# YOUR OBJECTIVE:
Below are entries with pictures among them; reproduce exactly, and only, the lines from the one containing "2023年文化和自然遺產日(6月10日)" down to the one containing "A hand points", without the pictures.

# THE DATA:
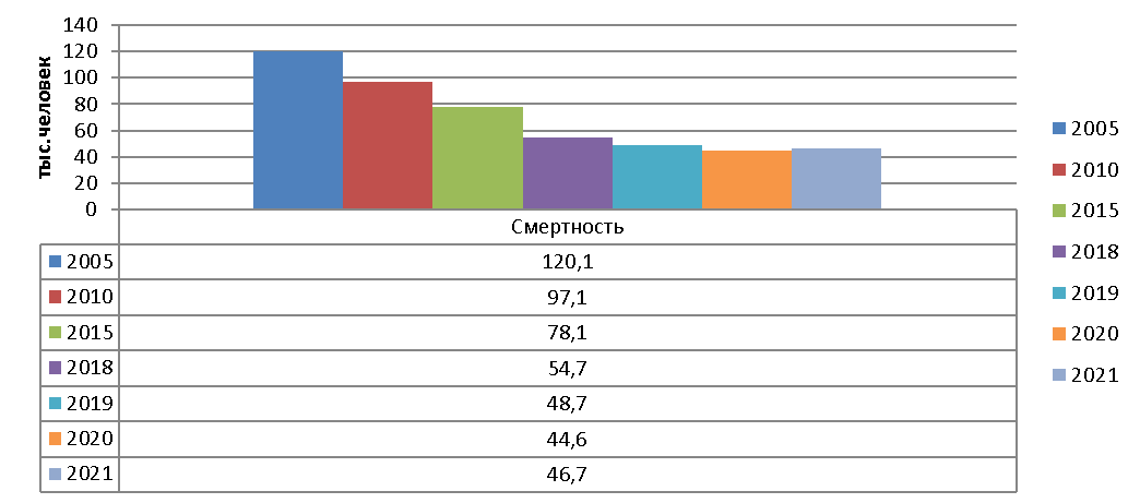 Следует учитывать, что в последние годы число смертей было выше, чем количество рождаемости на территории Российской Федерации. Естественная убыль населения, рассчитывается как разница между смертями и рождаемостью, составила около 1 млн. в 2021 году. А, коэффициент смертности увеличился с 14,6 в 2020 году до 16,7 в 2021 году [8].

...

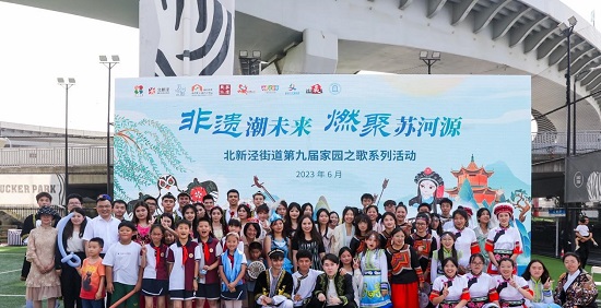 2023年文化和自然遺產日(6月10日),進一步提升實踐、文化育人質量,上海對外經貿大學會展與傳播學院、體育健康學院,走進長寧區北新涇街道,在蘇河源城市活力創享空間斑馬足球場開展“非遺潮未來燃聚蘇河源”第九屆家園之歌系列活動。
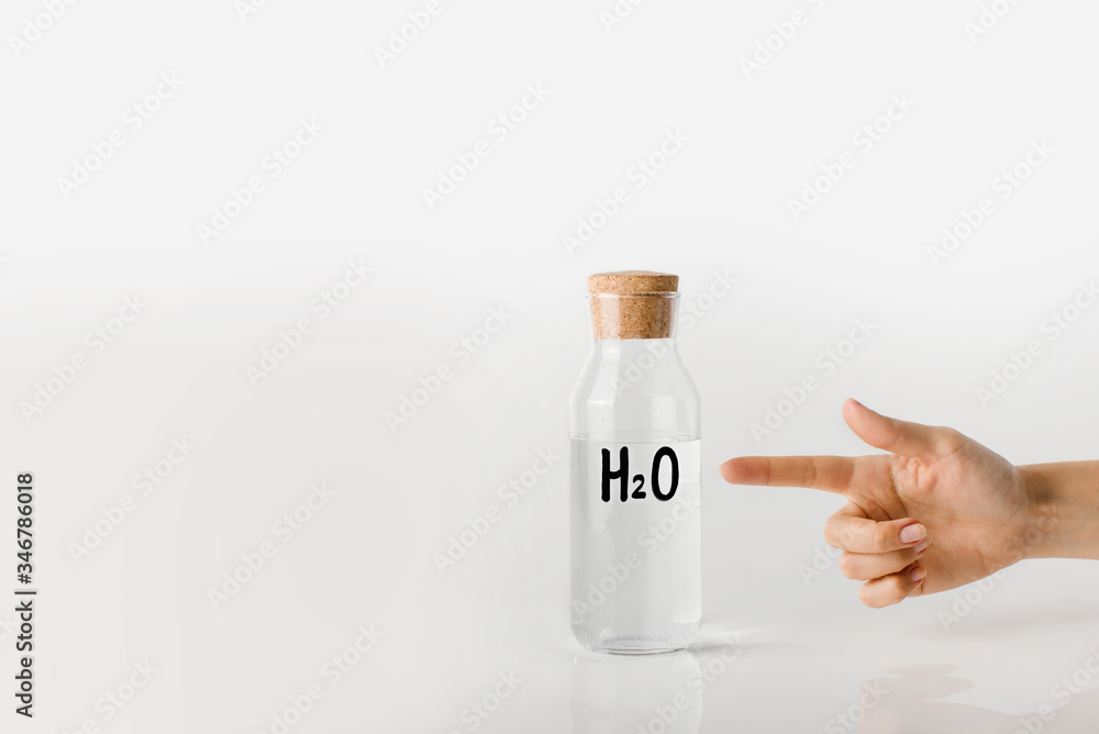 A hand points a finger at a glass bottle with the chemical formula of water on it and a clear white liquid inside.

# YOUR SOLUTION:
 2023年文化和自然遺產日(6月10日),進一步提升實踐、文化育人質量,上海對外經貿大學會展與傳播學院、體育健康學院,走進長寧區北新涇街道,在蘇河源城市活力創享空間斑馬足球場開展“非遺潮未來燃聚蘇河源”第九屆家園之歌系列活動。
 A hand points a finger at a glass bottle with the chemical formula of water on it and a clear white liquid inside.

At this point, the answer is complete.